- [Requirement]:
Quote every line below exactly and skip any picture.

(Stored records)
═══

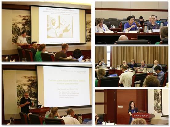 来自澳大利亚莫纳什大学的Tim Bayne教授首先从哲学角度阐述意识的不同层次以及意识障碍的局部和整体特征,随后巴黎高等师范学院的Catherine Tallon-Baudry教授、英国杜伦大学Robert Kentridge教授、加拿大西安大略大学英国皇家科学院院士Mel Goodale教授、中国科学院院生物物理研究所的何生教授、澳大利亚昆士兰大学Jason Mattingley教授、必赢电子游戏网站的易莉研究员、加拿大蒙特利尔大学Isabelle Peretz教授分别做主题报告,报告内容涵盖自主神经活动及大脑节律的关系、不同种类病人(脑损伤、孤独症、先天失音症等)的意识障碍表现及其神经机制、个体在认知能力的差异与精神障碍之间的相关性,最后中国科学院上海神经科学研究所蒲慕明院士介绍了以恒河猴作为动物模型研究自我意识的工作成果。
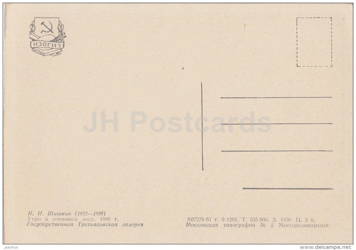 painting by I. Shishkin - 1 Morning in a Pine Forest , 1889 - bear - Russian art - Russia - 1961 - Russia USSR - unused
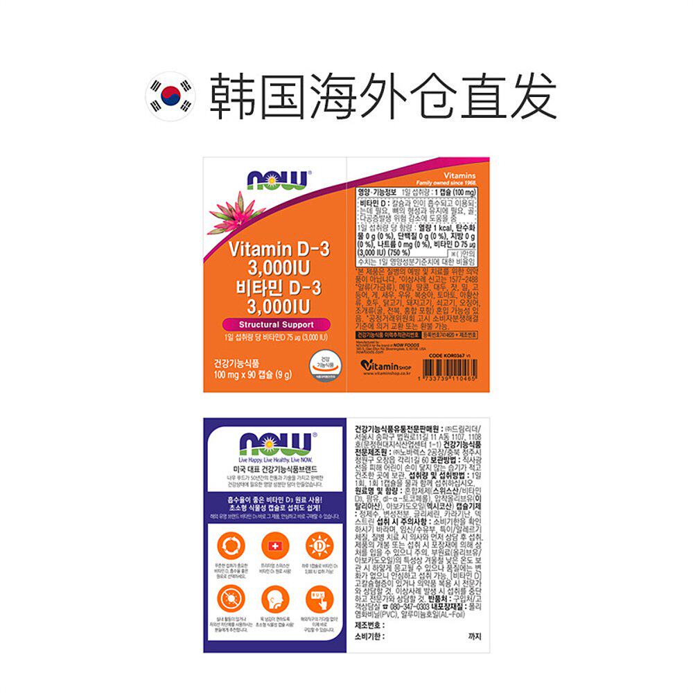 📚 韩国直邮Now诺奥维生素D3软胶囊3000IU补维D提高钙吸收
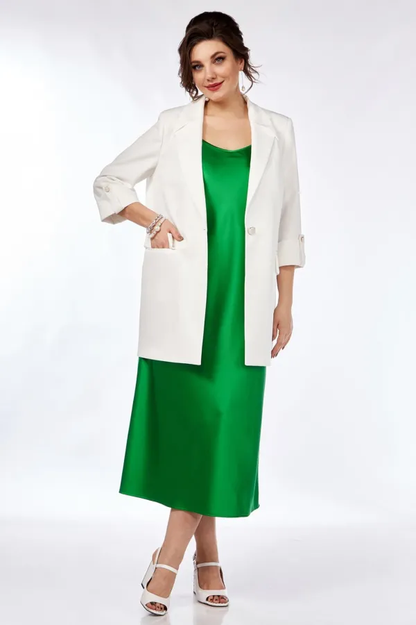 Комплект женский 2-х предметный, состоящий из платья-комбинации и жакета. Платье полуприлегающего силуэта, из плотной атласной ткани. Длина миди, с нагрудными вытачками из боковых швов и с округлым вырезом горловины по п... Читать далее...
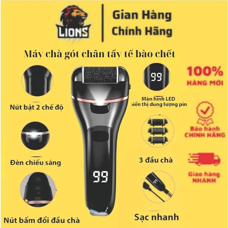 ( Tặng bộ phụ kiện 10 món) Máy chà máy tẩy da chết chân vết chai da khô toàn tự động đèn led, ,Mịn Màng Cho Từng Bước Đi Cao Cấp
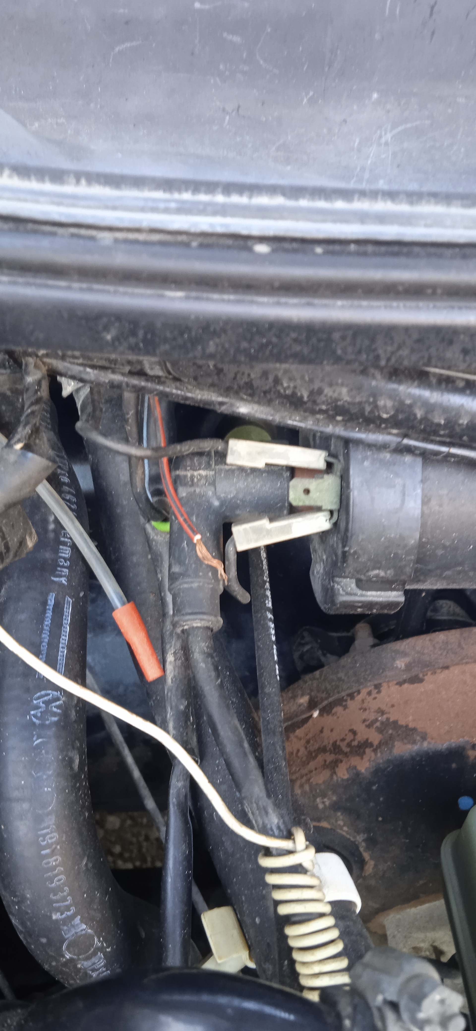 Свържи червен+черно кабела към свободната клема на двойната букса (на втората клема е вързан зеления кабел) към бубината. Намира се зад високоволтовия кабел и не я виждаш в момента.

═══

- [Answer for the task]:
 来自澳大利亚莫纳什大学的Tim Bayne教授首先从哲学角度阐述意识的不同层次以及意识障碍的局部和整体特征,随后巴黎高等师范学院的Catherine Tallon-Baudry教授、英国杜伦大学Robert Kentridge教授、加拿大西安大略大学英国皇家科学院院士Mel Goodale教授、中国科学院院生物物理研究所的何生教授、澳大利亚昆士兰大学Jason Mattingley教授、必赢电子游戏网站的易莉研究员、加拿大蒙特利尔大学Isabelle Peretz教授分别做主题报告,报告内容涵盖自主神经活动及大脑节律的关系、不同种类病人(脑损伤、孤独症、先天失音症等)的意识障碍表现及其神经机制、个体在认知能力的差异与精神障碍之间的相关性,最后中国科学院上海神经科学研究所蒲慕明院士介绍了以恒河猴作为动物模型研究自我意识的工作成果。
 painting by I. Shishkin - 1 Morning in a Pine Forest , 1889 - bear - Russian art - Russia - 1961 - Russia USSR - unused
 📚 韩国直邮Now诺奥维生素D3软胶囊3000IU补维D提高钙吸收
 Комплект женский 2-х предметный, состоящий из платья-комбинации и жакета. Платье полуприлегающего силуэта, из плотной атласной ткани. Длина миди, с нагрудными вытачками из боковых швов и с округлым вырезом горловины по п... Читать далее...
 ( Tặng bộ phụ kiện 10 món) Máy chà máy tẩy da chết chân vết chai da khô toàn tự động đèn led, ,Mịn Màng Cho Từng Bước Đi Cao Cấp
 Свържи червен+черно кабела към свободната клема на двойната букса (на втората клема е вързан зеления кабел) към бубината. Намира се зад високоволтовия кабел и не я виждаш в момента.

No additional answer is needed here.